Louis I of Hungary forced Vladislav I of Wallachia to accept his suzerainty in 1366. To secure Vladislav's loyalty, the king also granted him landed property in southern Transylvania, including the district of Fogaras (around present-day Făgăraș in Romania). Six years later, Vladislav donated estates to Wallachian boyars (or noblemen) in the district. Most of Vladislav's successors who also held Fogaras – Mircea the Elder, Vlad the Impaler, Radu the Fair and Basarab Laiotă – regularly granted estates to their boyars or awarded the heads of the local communities with the title boyar.

== History ==
In 1372 Vladislav I of Wallachia gave to the magistrate Ladislau de Dopca, his relative, five estates in the district of Fogaras. Mircea I of Wallachia gives the village of Szkore to Stanciul the hegumen and his brother Călin, and in 1400 he strengthens to his boyars Micul and Stoia the dominion over half of the village of Mondra. The boyars Ion, Borcea and Călin had during Mircea's reign three villages with the mountains that belonged to them, and the boyar Costea had two and a half villages.

Through a document from June 10, 1417, Mircea I of Wallachia strengthened Ion, Borcea and Calian,
"To the boyar of my lordship so that their village may be Árpásthou and Vad [...], of estate and inheritance and of all the services and gifts and tithes, as many as they will find in the whole land of the country [...] lordship my."

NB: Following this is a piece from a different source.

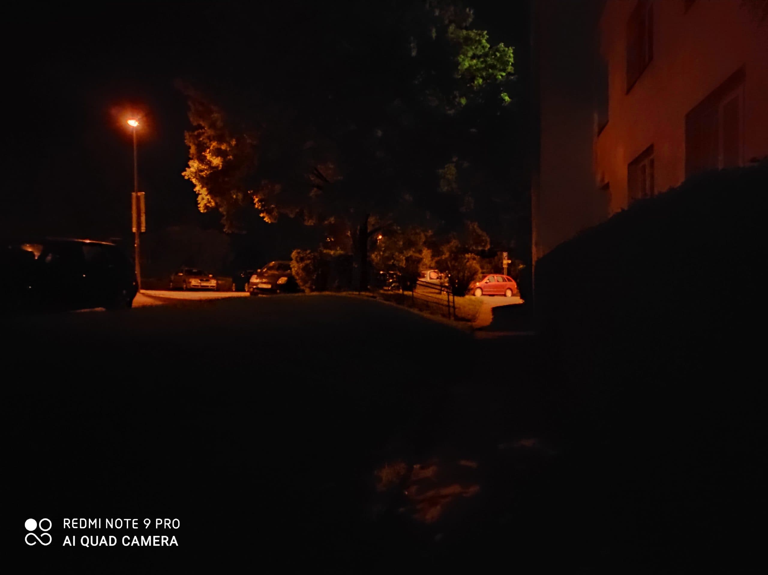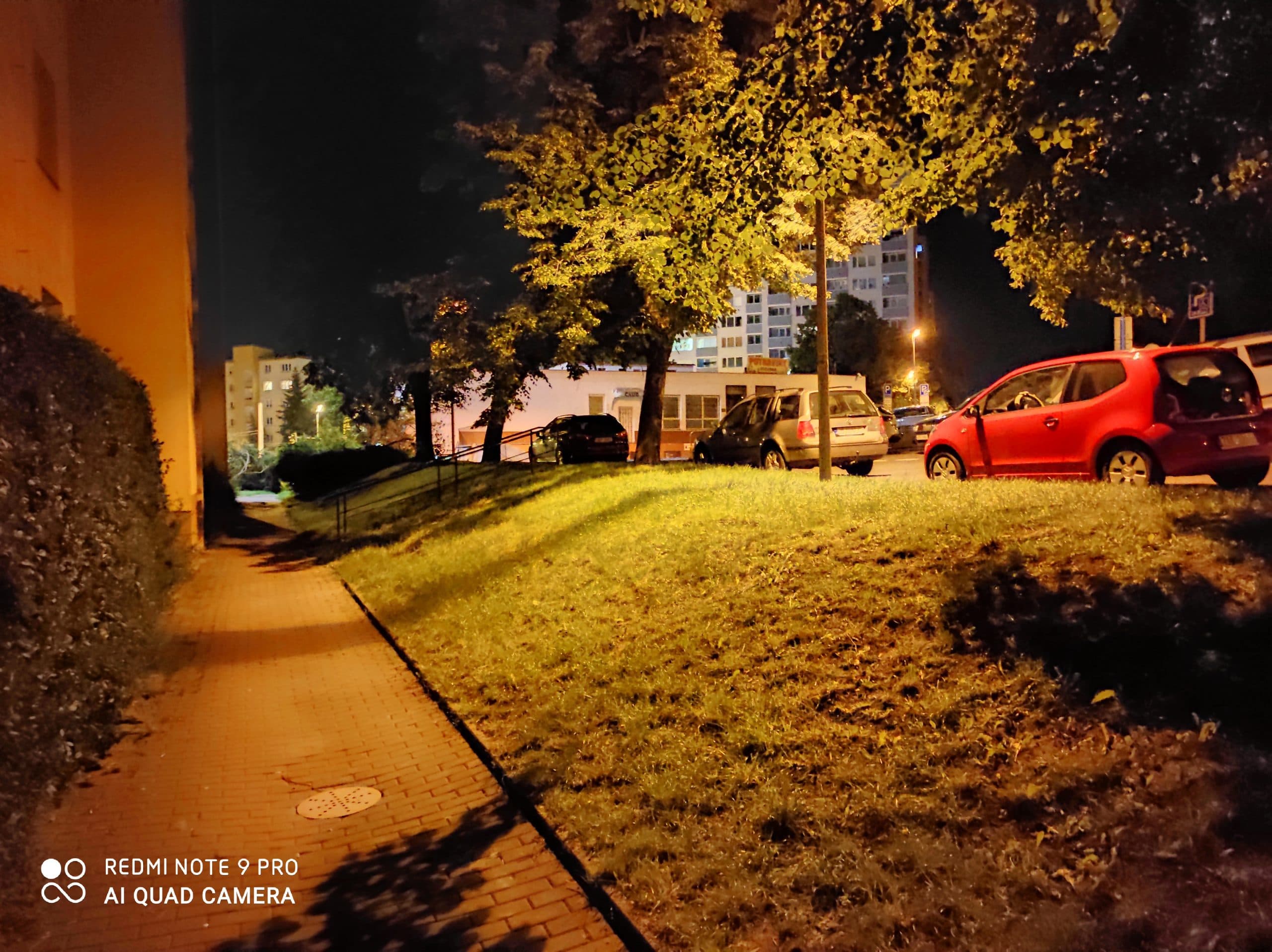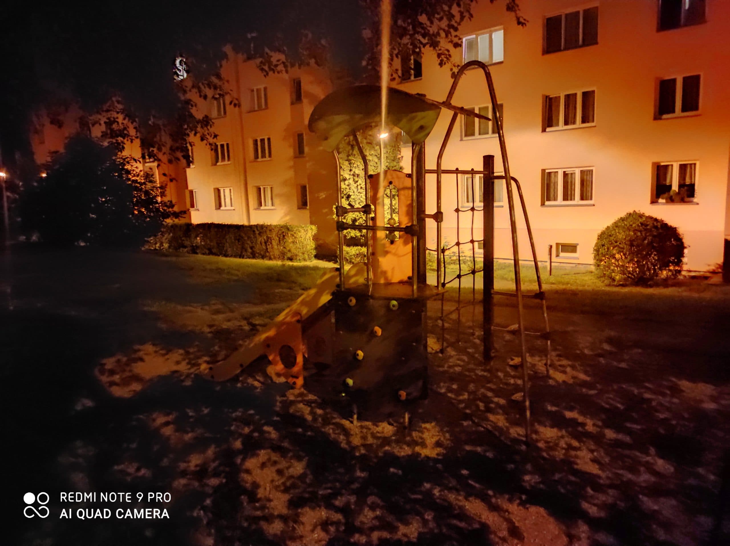 Tak tedy, fotoaparát se večer používat dá, má k tomu samozřejmě dedikovaný noční režim. Uzávěrka je delší, světla mnoho nenachytá (není to Huawei) a snímky bližších objektů (třeba chodník) jsou brutálně rozostřené. Ale jinak to až zase taková nehoráznost není. Třeba u fotky dětské prolézačky mě Redmi příjemně překvapilo, protože tu jsem celou takhle osvětlenou neviděl ani vlastníma očima.

We mention that the Borcea family name still exists in Vad, and the Calian family name is found in the neighboring village, Sinke.

In 1437 the boyar Stanciu and his brother Roman receive from Vlad II Dracul the village of Voivodeni/Vajdafalva. The increase of the boyar from Fogaras was observed in the richer donations, so in 1473 the family of the master Stoica Naneș obtained from Radu cel Frumos more than 13 villages and 3 mountains.

Towards the end of the 15th century and the beginning of the following century, the history of Fogaras district experienced a more turbulent period. In 1508 a boyar revolt tried unsuccessfully to bring the country under the rule of the Muntenian voivode Mihnea cel Rău.

The 1640 conscription counts 248 boyars in the Fogaras domain. In 1648, 87 boyars appeared in the fields of Porumbáktanya and Kwmana (Komána/Comăna).

Zsuzsanna Lorántffy (1600-1660), the wife of the prince of Transylvania George I Rákóczi, the mistress of the Făgăraș Citadel, issued 21 boyar diplomas, in some cases confirming "their old boyar rights". Residents of Bucsum, Also Uczya (Alsóucsa/Ucea de Sus), Also Venechia (Veneția de Jos), Dragos (Drăguș), Sinke, Hirszen (Hârseni) received such diplomas.

In the conscription from 1720 to 1721 in 53 villages belonging to the Făgăraș, Porumbac and Comăna domains, 725 boyars have appeared.